- Born: 25 September 1776 Etruria, Staffordshire, England
- Died: 6 November 1856 (aged 80)
- Occupation: Abolitionist
- Parent(s): Josiah Wedgwood Sarah Wedgwood
- Family: Darwin–Wedgwood family

= Sarah Wedgwood =

English abolitionist (1776–1856)

Sarah Wedgwood (25 September 1776 – 1856) was an English abolitionist and charity administrator.

== Early life ==
She was born 25 September 1776 as the sixth surviving child of Josiah and Sarah Wedgwood while the family was living at Etruria Hall. The Wedgwoods' involvement with the abolition movement began when she was a child, with the Wedgwood anti-slavery medallion coming out in 1787. In 1805 she began living at Parkfields, Barlaston, with her elder sister Catherine, where both sisters contributed monetarily to the abolition movement. After the death of Catherine in 1823, she lived at Camp Hill, Maer Heath, Staffordshire.

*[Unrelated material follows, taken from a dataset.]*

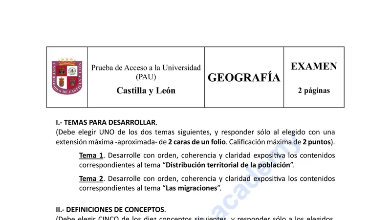 Reservar clase gratis →Examen de Geografía selectividad Castilla y León (Ordinaria 2025)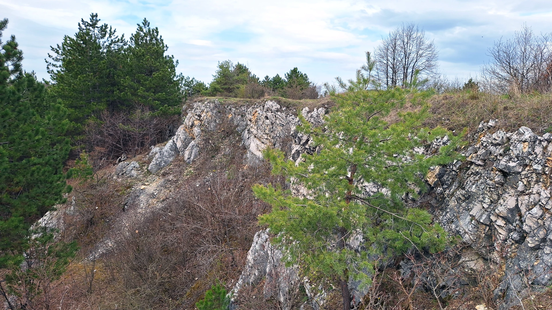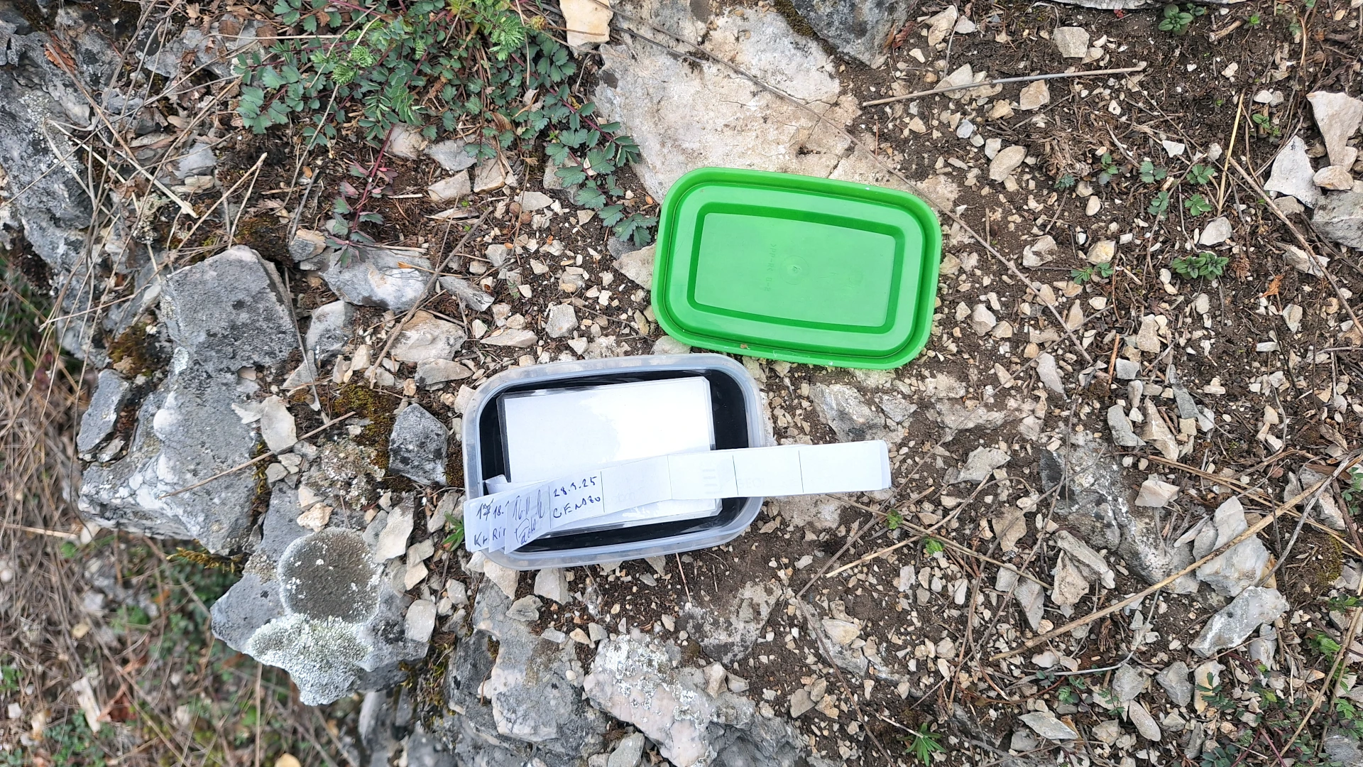 Po tom, ako sme sa pokochali výhľadom z rozhľadne na Vápennom vrchu, zbehli sme pozrieť aj neďaleké skalné útvary s názvom „Skalky“. Ani nie 10 minút po lesnej cestičke. Aj keď nemá rád krabičky ukryté „pod skalou“, túto som našiel rýchlo na prvý kuk.

== Abolition campaigning ==
In 1825 she was a founding member of the Birmingham Ladies Society for the Relief of Negro Slaves (later called the Female Society for Birmingham), along with Lucy Townsend, Elizabeth Heyrick, Mary Lloyd, and Sophia Sturge. The group 'promoted the sugar boycott, targeting shops as well as shoppers, visiting thousands of homes and distributing pamphlets, calling meetings and drawing petitions.' Sarah served as the group's district treasurer.

She is probably the 'Miss Wedgwood' who published the pamphlet British Slavery Described to raise funds for the North Staffs Ladies' Anti-Slavery Society in 1828.

She was opposed to gradual abolition, writing in an 1830 letter to Anne Knight:'If the battle might be between emancipation and slavery only there would be some hope; but this 3rd thing that looks like emancipation and is not, is I fear beguiling so many that it will very much weaken the true cause.'In 1832, she pledged £100 to the Anti-Slavery Society towards a plan for immediate emancipation.

== Later life ==
In 1846 she moved to Petleys, Down, Kent, to live near her niece, Emma Darwin. In the final decade of her life, she is described by her great-niece, Henrietta Litchfield:'She was tall, upright, and very thin…Her life was one of Spartan simplicity. She lived in her books, and the administration of her charities, and her only society was that of my mother and a few old friends and relations.'She died 6th November 1856, leaving thousands of pounds to over a dozen charities in her will.